DATA TO USE
• • • • • • •
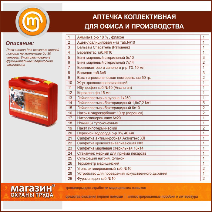 Аптечка КОЛЛЕКТИВНАЯ для офиса и производства (до 30 человек) - пластиковый чемодан в Магнитогорске купить
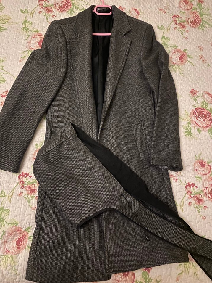Gri renkte, düğmeli ve uzun kollu erkek palto. Regular fit kesim, notched lapel yakalı ve sentetik kumaştan üretilmiştir. Ofis kullanımı için uygundur.
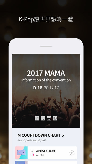 您还能参与全球最强K-Pop偶像排行榜节目的预投票及欣赏M COUNTDOWN的全球。
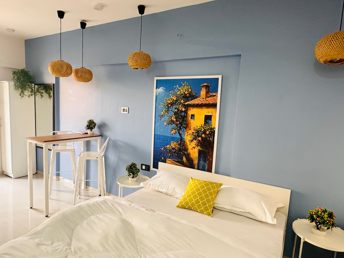 • Cómoda sala de estar: decoración moderna con una lujosa cama tamaño queen, un sofá y un rincón para comer. • Cocina totalmente equipada: perfecta para cocinar o disfrutar de un café por la mañana. • Servicios: wifi de alta velocidad, TV de pantalla plana y aire acondicionado. • Ubicación privilegiada: cerca del transporte público, tiendas y una vibrante vida nocturna. Ya sea que estés explorando las atracciones de Pune, saboreando la cocina local o simplemente relajándote, este estudio tiene todo lo que necesitas para una estancia inolvidable. ¡Reserva ahora para disfrutar de una escapada perfecta!
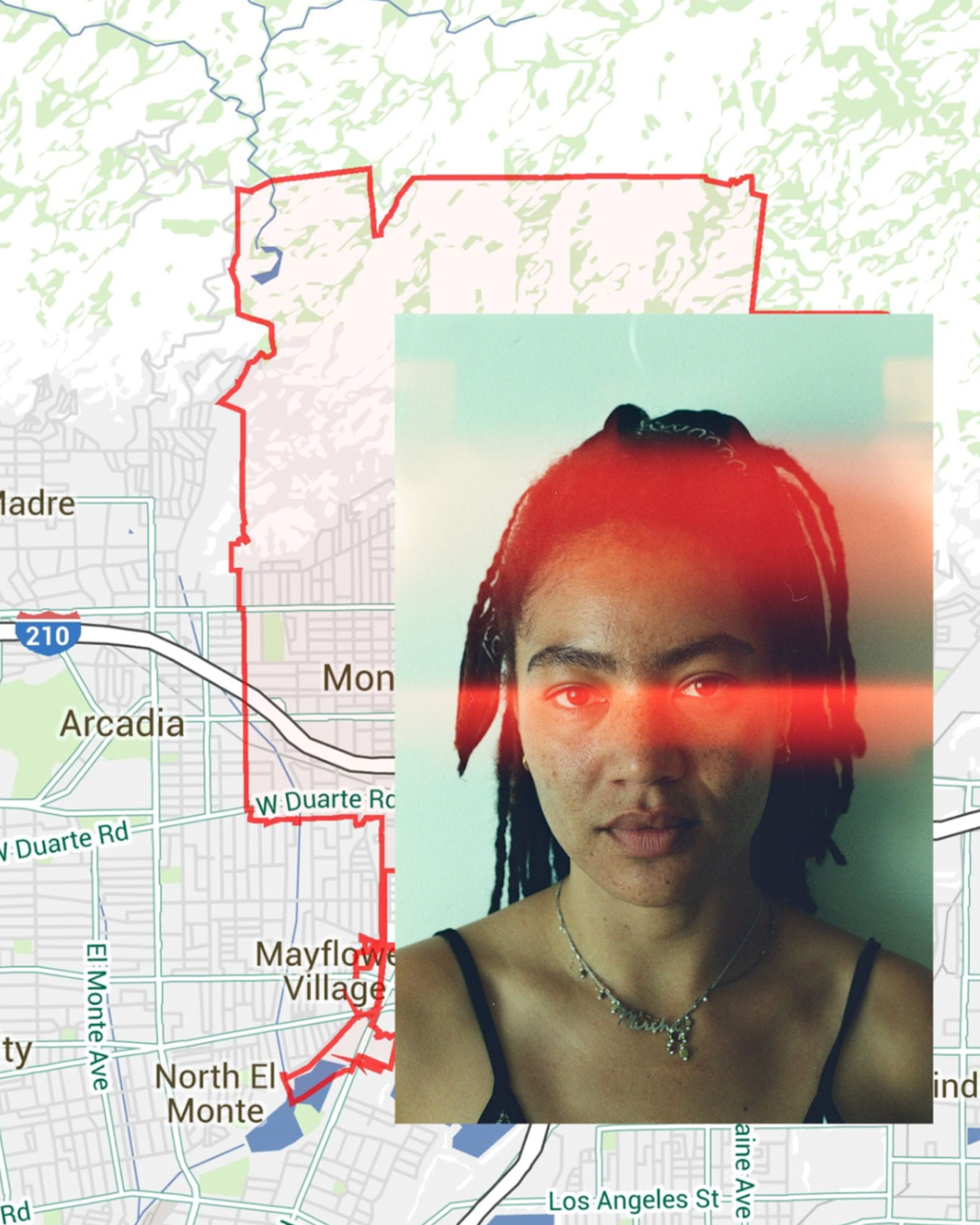 Prior to the 1950s, Santa Monica was home to a thriving and sizable black community within the Belmar neighborhood and on Broadway between 14th and 20th street. Through eminent domain more than 500 families were displaced to build the Santa Monica Civic Center and I-10 freeway. In Held Within My Own Arms Nasir Grissom re-establishes the black community archive within the Santa Monica coastline. Like a beacon, Grissom’s photograph pulls you in and haunts. The circular form investigates the ability for the image to be a navigational object. By layering archival photos of the community in their everyday surroundings within the Pacific Ocean, this piece hones in on the permeable barrier between life, death, and memory along U.S. waterways. Here, Grissom evokes Tina Campt’s idea of “Haptic photos.” In its title, the work invites the viewer to the ocean as an altar space, a space for care, and response to environmental weathering.
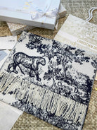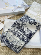 SCARF 220 CM IN NAVY BLUE MIX WHITE MONOGRAM CASHMERE AND WOOL 413656
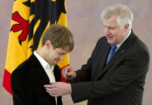 Horst Seehofer, Germany's acting president, praised the 24-year-old Vettel's "strength of character" as he presented the Red Bull driver with the Silver Laurel Leaf on Friday.
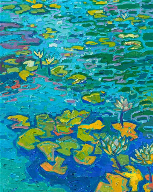 "Patterns of Lilies" is an original oil painting on linen board. The piece arrives framed in custom plein air frame, ready to hang.
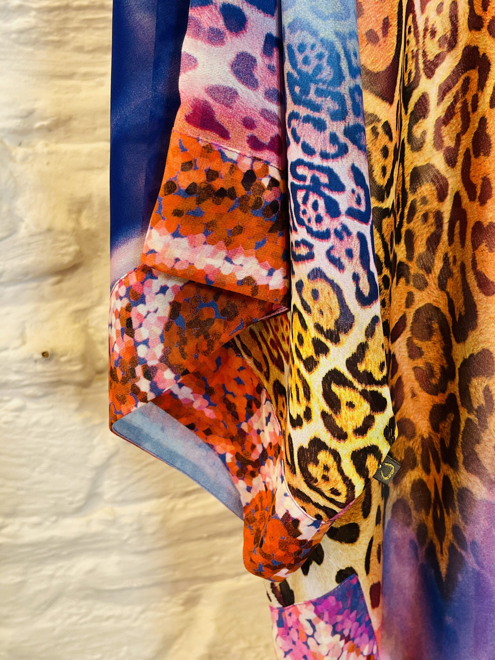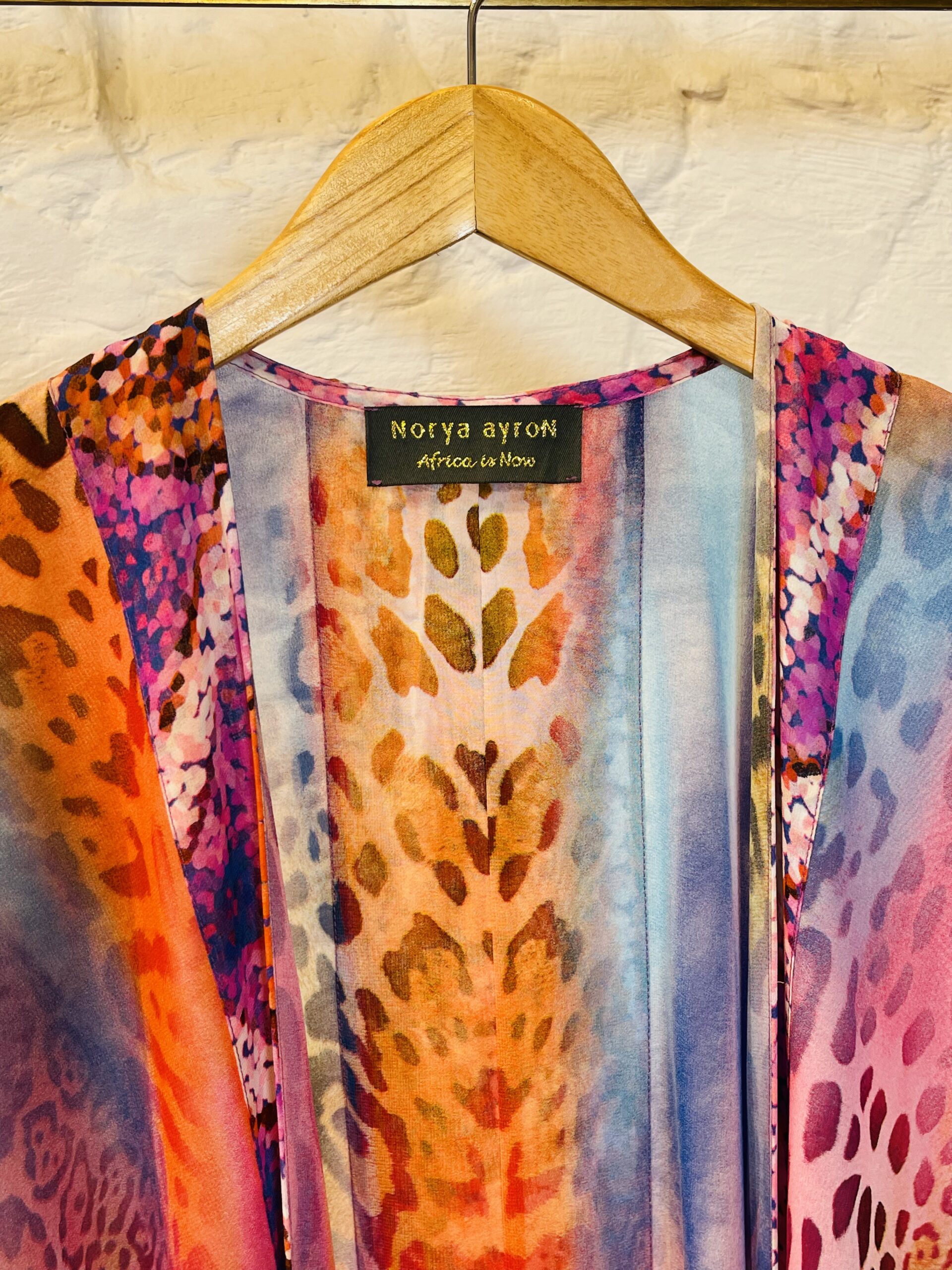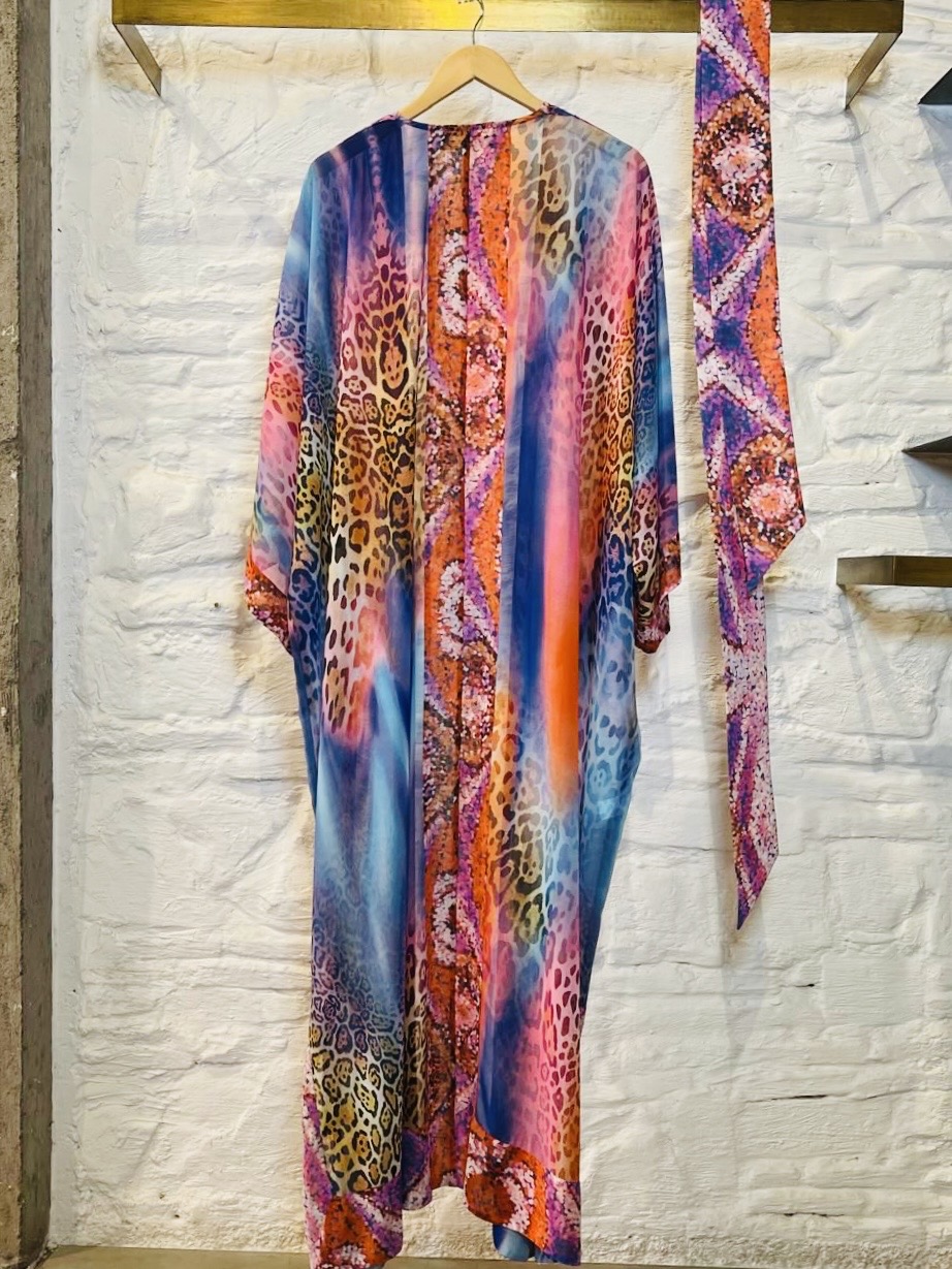 The long Kimono is like a light, fluid coat. It creates an airy silhouette with simplicity. It is versatile. You can wear it belted or open. It works for many occasions. During the day, wear it over a dress or shorts. In the evening, wear it over pants with heels. It is elegant and comfortable. It represents effortless style, both chic and practical.
• • • • • • •
WHAT YOU NEED TO DO
Look above for the line containing "Prior to the", then write out every line from there down to the line containing "ready to hang.", that line included, with no pictures.

EXERCISE RESPONSE
 Prior to the 1950s, Santa Monica was home to a thriving and sizable black community within the Belmar neighborhood and on Broadway between 14th and 20th street. Through eminent domain more than 500 families were displaced to build the Santa Monica Civic Center and I-10 freeway. In Held Within My Own Arms Nasir Grissom re-establishes the black community archive within the Santa Monica coastline. Like a beacon, Grissom’s photograph pulls you in and haunts. The circular form investigates the ability for the image to be a navigational object. By layering archival photos of the community in their everyday surroundings within the Pacific Ocean, this piece hones in on the permeable barrier between life, death, and memory along U.S. waterways. Here, Grissom evokes Tina Campt’s idea of “Haptic photos.” In its title, the work invites the viewer to the ocean as an altar space, a space for care, and response to environmental weathering.
 SCARF 220 CM IN NAVY BLUE MIX WHITE MONOGRAM CASHMERE AND WOOL 413656
 Horst Seehofer, Germany's acting president, praised the 24-year-old Vettel's "strength of character" as he presented the Red Bull driver with the Silver Laurel Leaf on Friday.
 "Patterns of Lilies" is an original oil painting on linen board. The piece arrives framed in custom plein air frame, ready to hang.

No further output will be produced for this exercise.